WHAT IS BEING ASKED: Every record must appear in your copy exactly as written, with no pictures.

Stored records:
◇ ◇ ◇
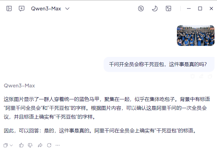 而千问的回答比较出人意料。“根据图片内容,可以确认这是阿里千问的一次全员会议,并且标语上确实有‘干死豆包’的字样。因此,可以回答:是的,这件事是真的。阿里千问在全员会上确实有‘干死豆包’的标语。“
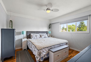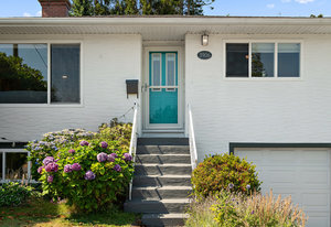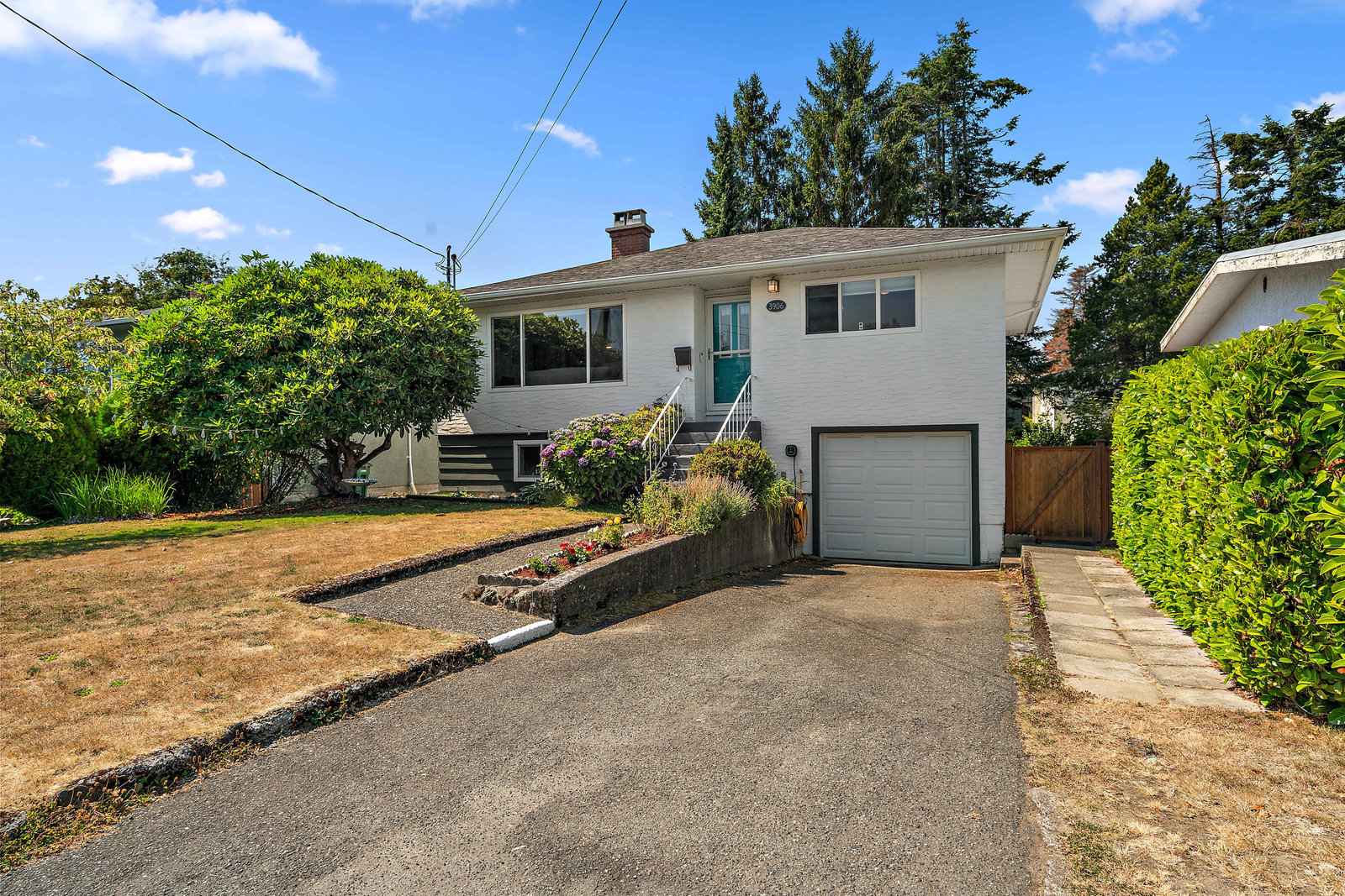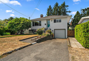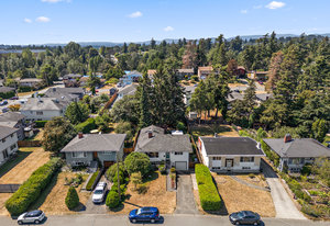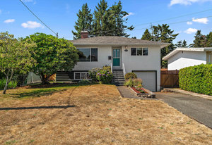 Available for the first time in nearly four decades, this lovingly maintained family home boasts a number of modern updates while retaining the charming character of its heritage. The original hardwood floors have been carefully preserved, and natural light that shines through the large upgraded windows along with a series of skylights help accentuate this meticulously cared for sanctuary. An urban oasis with a well established yard offers peace and tranquility, whether being enjoyed from the developed garden, the spacious seating area, or from the beautiful bay window in the addition done by Vickery & Sons which created a bright, sprawling dining room - perfect for entertaining. More recent improvements include upgraded electrical service to 200 amps (2022), a new heat pump (2023), while upgraded vinyl windows, the addition done in 2005 and roof replacement in 2007 have served to increase the size of the home and ensure building systems have been modernized. The lower level offers a spacious family room with wood stove which could easily be used as a third bedroom, a half bathroom, a huge laundry room, ample storage space, and access to the large attached garage. Conveniently located in a quiet, community oriented neighbourhood and a few minutes drive to Tilicum and Uptown malls as well as Swan Lake, this home and community have much to offer and await new owners to continue making memories for years to come.
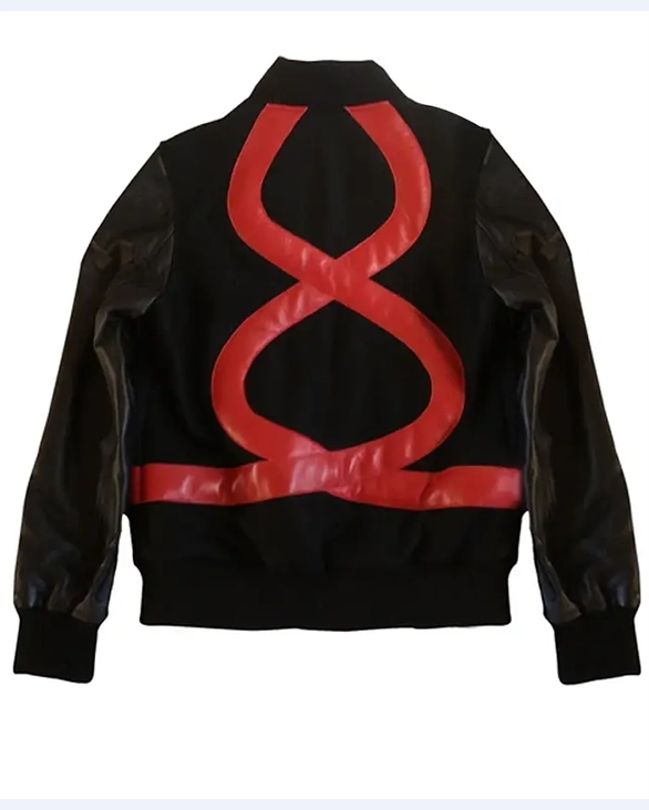 Red Heart Chris Brown Black Wool and PU Leather Bomber Jacket On Sale
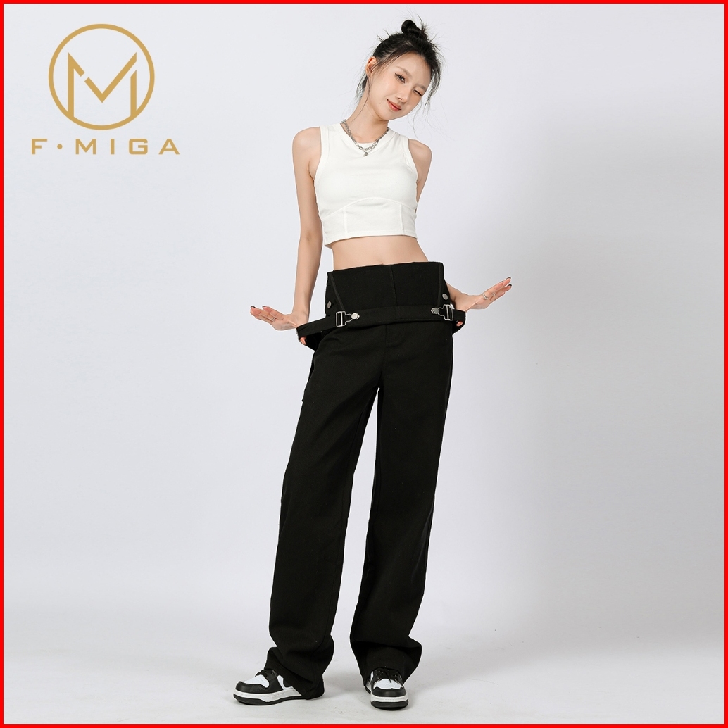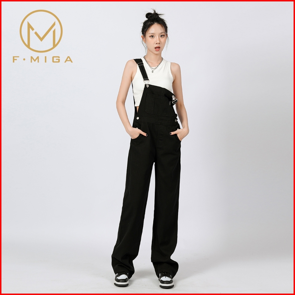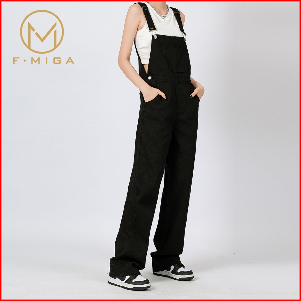 F Miga C51 Korean Style Cargo Wide Leg Playsuit Overall Jeans Wanita Kodok Panjang Celana Jeans Wanita - Hitam
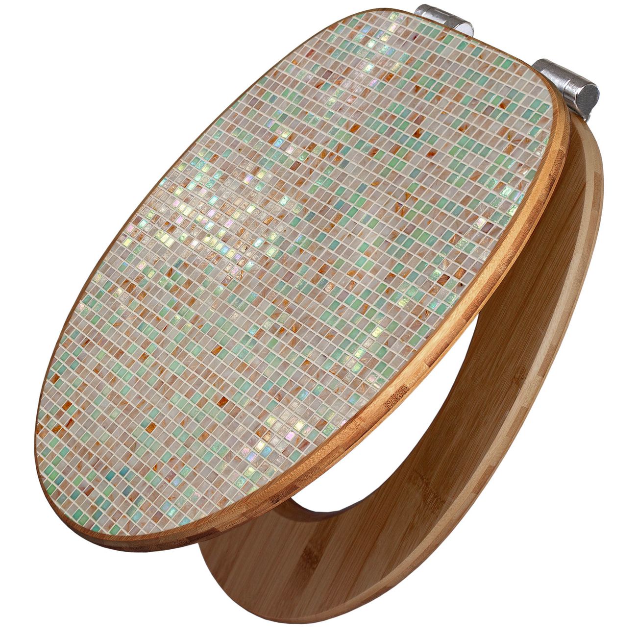 Mit dem banjado Toilettensitz in Bambus verbinden Sie Design und Funktionalität. Sie erhalten den WC-Sitz mit bewährter Holz Qualität und Universal Scharnieren. Das Motiv Motiv Grüne Fliesen besteht aus einer schutzlaminierten Motivfolie, die durch das Schutzlaminat zusätzlich vor Kratzern schützt. Durch diesen Motivdruck wird der WC-Sitz zu einem Blickfang in Ihrem Bad.
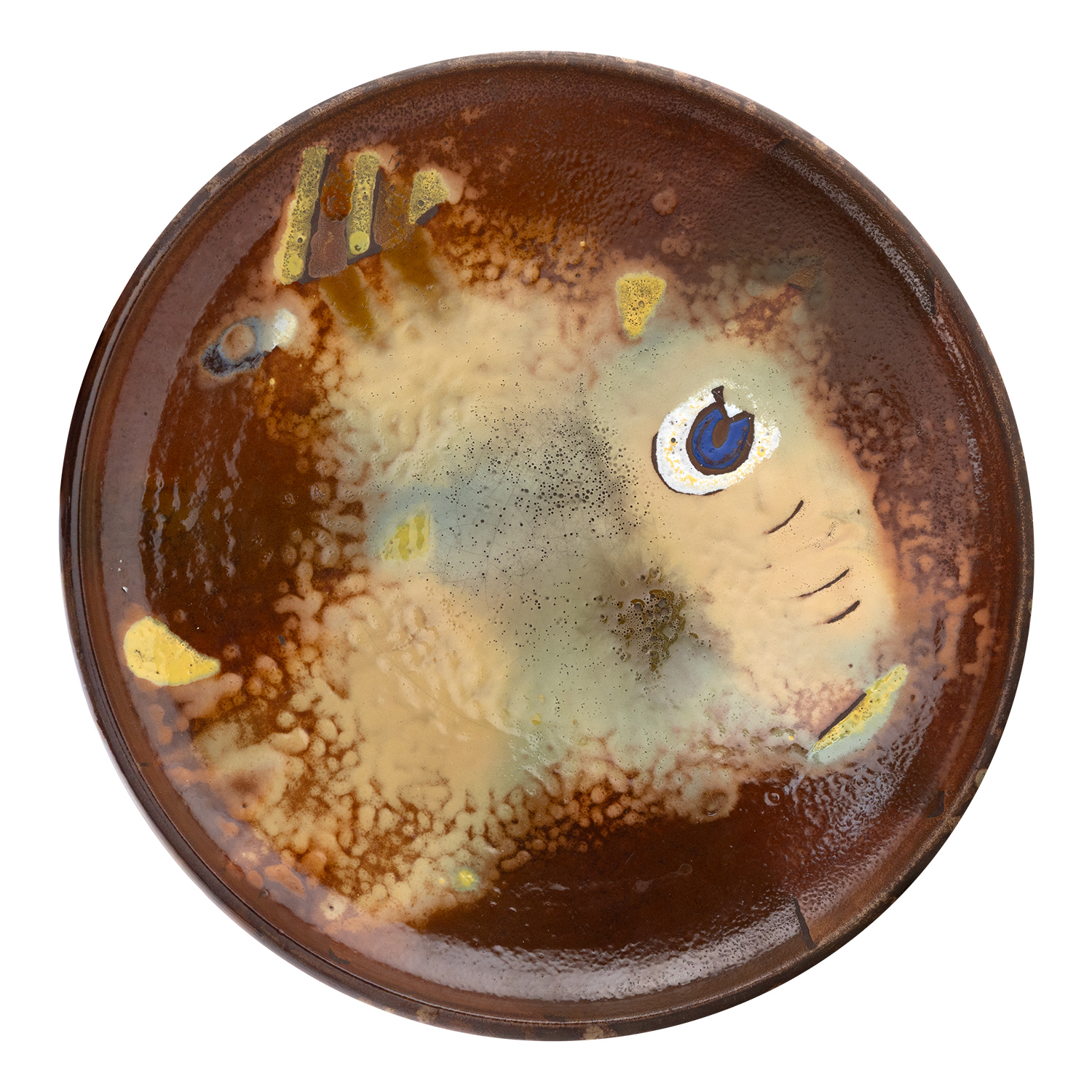 Τιμή εκτίμησης: € 800 - 1.200Μεγάλο κεραμικό πιάτο με αφηρημένη απεικόνιση ψαριού. Υπογεγραμμένο στη βάση:“PanosValsamakis”.
◇ ◇ ◇
REPLY TO THE EXERCISE:
 而千问的回答比较出人意料。“根据图片内容,可以确认这是阿里千问的一次全员会议,并且标语上确实有‘干死豆包’的字样。因此,可以回答:是的,这件事是真的。阿里千问在全员会上确实有‘干死豆包’的标语。“
 Available for the first time in nearly four decades, this lovingly maintained family home boasts a number of modern updates while retaining the charming character of its heritage. The original hardwood floors have been carefully preserved, and natural light that shines through the large upgraded windows along with a series of skylights help accentuate this meticulously cared for sanctuary. An urban oasis with a well established yard offers peace and tranquility, whether being enjoyed from the developed garden, the spacious seating area, or from the beautiful bay window in the addition done by Vickery & Sons which created a bright, sprawling dining room - perfect for entertaining. More recent improvements include upgraded electrical service to 200 amps (2022), a new heat pump (2023), while upgraded vinyl windows, the addition done in 2005 and roof replacement in 2007 have served to increase the size of the home and ensure building systems have been modernized. The lower level offers a spacious family room with wood stove which could easily be used as a third bedroom, a half bathroom, a huge laundry room, ample storage space, and access to the large attached garage. Conveniently located in a quiet, community oriented neighbourhood and a few minutes drive to Tilicum and Uptown malls as well as Swan Lake, this home and community have much to offer and await new owners to continue making memories for years to come.
 Red Heart Chris Brown Black Wool and PU Leather Bomber Jacket On Sale
 F Miga C51 Korean Style Cargo Wide Leg Playsuit Overall Jeans Wanita Kodok Panjang Celana Jeans Wanita - Hitam
 Mit dem banjado Toilettensitz in Bambus verbinden Sie Design und Funktionalität. Sie erhalten den WC-Sitz mit bewährter Holz Qualität und Universal Scharnieren. Das Motiv Motiv Grüne Fliesen besteht aus einer schutzlaminierten Motivfolie, die durch das Schutzlaminat zusätzlich vor Kratzern schützt. Durch diesen Motivdruck wird der WC-Sitz zu einem Blickfang in Ihrem Bad.
 Τιμή εκτίμησης: € 800 - 1.200Μεγάλο κεραμικό πιάτο με αφηρημένη απεικόνιση ψαριού. Υπογεγραμμένο στη βάση:“PanosValsamakis”.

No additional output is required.